The new Ogden discount rate is proposed to be set between 0% and 1%, and will be reviewed every three years to ensure claimants receive fair compensation. The move will also allow insurers to pass on rate savings to customers.
Following personal injury insurers pushing for a review of the discount rate, the Ministry of Justice has announced that the new rate will be set between 0% and 1%. The revision has been welcomed by the insurance industry after the rate was controversially changed from 2.5% to -0.75% in March 2017.
The new positive rate could be set under draft legislation that is to be laid before Parliament. However, the new rate will not apply retrospectively, and the new framework for setting the rate in the future will only apply if the draft law is enacted.
Under the new proposed framework, the Ogden discount rate will be reviewed within 90 days of the enactment of new legislation and afterwards every three years, which will ensure it does not grow outdated. It will also be set in review of a wider range of low-risk investments instead of purely index-linked gilts, making sure the rate is set realistically with how individuals invest.
This is good news for insurers, as it will mean rate changes are more predictable and manageable. In their 2016 annual reports, insurers highlighted that profitability was affected because they had to revise their finances and increase reserves to acknowledge that future claims costs would rise.

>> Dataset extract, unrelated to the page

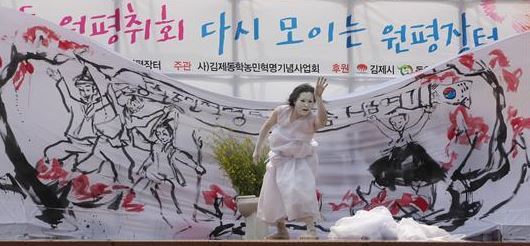 ▲ 지난 9일 김제 원평장터에서 열린 동학농민혁명 제121주년 대동제에서 서승아씨가 기념공연을 하고 있다.
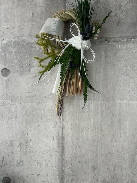 サイズ約23×13㎝松、ナンキンハゼ、ヒカゲノカズラとお正月らしい雰囲気が出せました。シンプルに静かに始まるお正月。植物は縄に直接ついているので取り外しはできませんがかっこよくシンプルがお好みの方におすすめです。落ち着いた雰囲気です。穏やかな1年になりますように。

The change is also a win for consumers. Personal injury claimants will have peace of mind that the amount of compensation they will receive is accurate. Lower claims costs for insurers mean savings will also be passed on to consumers through lower premiums.
But the industry is still waiting on the implementation of the Civil Liability Bill, which was announced in June 2017 during the Queen’s Speech. Fraudulent whiplash claims are continuing to drive up claims costs for motor insurers. Although a changed discount rate will allow insurers to deliver savings, the personal injury market will not see true reform until the Civil Liability Bill is also in force.